Elderly patients hospitalized for hip fracture surgery also carried biomarkers of developing Alzheimer’s disease despite no clinical evidence of dementia, according to a new study conducted by researchers at Johns Hopkins University School of Medicine and published in PLOS ONE.
Johns Hopkins researchers discovered biomarkers of Alzheimer’s disease in most of the hip-fracture patients’ spinal fluid samples, adding to the evidence that brain alterations that lead to poor balance in older people may underpin both increased risk of hip-fracturing falls and Alzheimer’s disease, and that hip fracture itself may therefore serve as a first sign of undiagnosed disease.
“… many of our study participants were active and living independently without overt signs of Alzheimer’s disease,” said Esther Oh, M.D., Ph.D., associate professor of medicine at the Johns Hopkins University School of Medicine and associate director of the Johns Hopkins Memory and Alzheimer’s Treatment Center. However, she cautioned that this study should not be used to suggest that all hip-fracture patients also carry Alzheimer’s biomarkers or should they have their spinal fluid tested for them. However, it would be wise, Oh said, to monitor patients who have experienced a hip repair surgery after a fall for signs of post-operative delirium or other mental or cognitive problems during recovery.
Oh noted that several international studies have shown that up to a quarter of older adults hospitalized for hip fracture surgery are likely to die within the following year, results suggesting that a serious medical condition may have been simmering undiagnosed prior to the falls that sent them to the hospital.
Testing for Alzheimer’s disease biomarkers is not covered by Medicare and isn’t routinely performed on older adults. It can be done by an amyloid PET scan or by using biomarkers from spinal fluid, such as in this study. The PET scan test costs at least $3,000. The spinal fluid analysis is still mostly used for research, although it is commercially available in some laboratories.
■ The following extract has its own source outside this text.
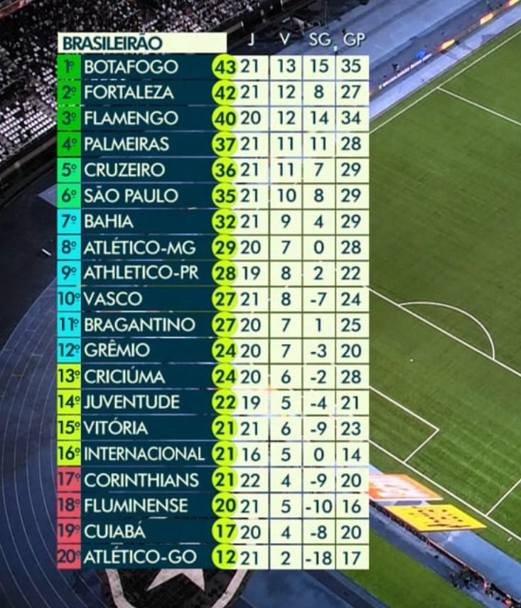 Tabela atualizada da Série A após os jogos deste sábado da 22ª rodada

Oh’s new study was in part a response to results of research published late 2018 in JAMA Surgery by Johns Hopkins researchers, which showed that 34 percent of hip fracture patients develop delirium during their hospital stay, a condition characterized by restlessness, delusions and incoherent thoughts and speech. Because patients with Alzheimer’s disease are more likely to experience these symptoms, and because of the higher than normal mortality rate associated with hip fracture compared with other surgeries, Oh and her team designed their study to directly test hip fracture patients for Alzheimer’s disease biomarkers.
For the research, the Johns Hopkins team recruited 200 hip fracture patients admitted to The Johns Hopkins Hospital and Johns Hopkins Bayview Medical Center from November 2011 to May 2016. Participants were an average of 82 years old, ranging from 65 to 102. Most of the participants, 74 percent, were women. Some 96 percent were white. The study also only included hip fracture patients who had received spinal (local) anesthesia before surgery so that spinal fluid samples could be collected at the time of anesthetic injection.
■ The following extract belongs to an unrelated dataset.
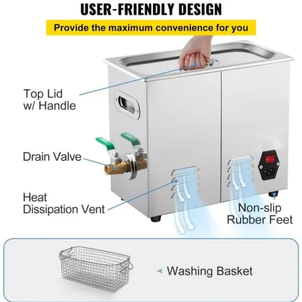 Säker i användning: Med ventiler för värmeavledning, halkfria gummifötter och ett avloppsventil för vattenavrinning är ultraljudsrenaren extremt säker att använda.

In 168 of the patients, the spinal fluid samples were tested for elevated levels of commonly accepted biomarkers of Alzheimer’s and other neurodegenerative diseases. The biomarkers included the proteins amyloid beta 42 (Aβ42), Aβ40, tau, and tau with a phosphate chemical group attached (p-tau). The amyloid proteins and tau are found in hallmark, tangled clumps in nerve cells, and in plaques that form in the brains of people with advanced Alzheimer’s. High levels of p-tau indicate brain injury or other types of brain cell damage.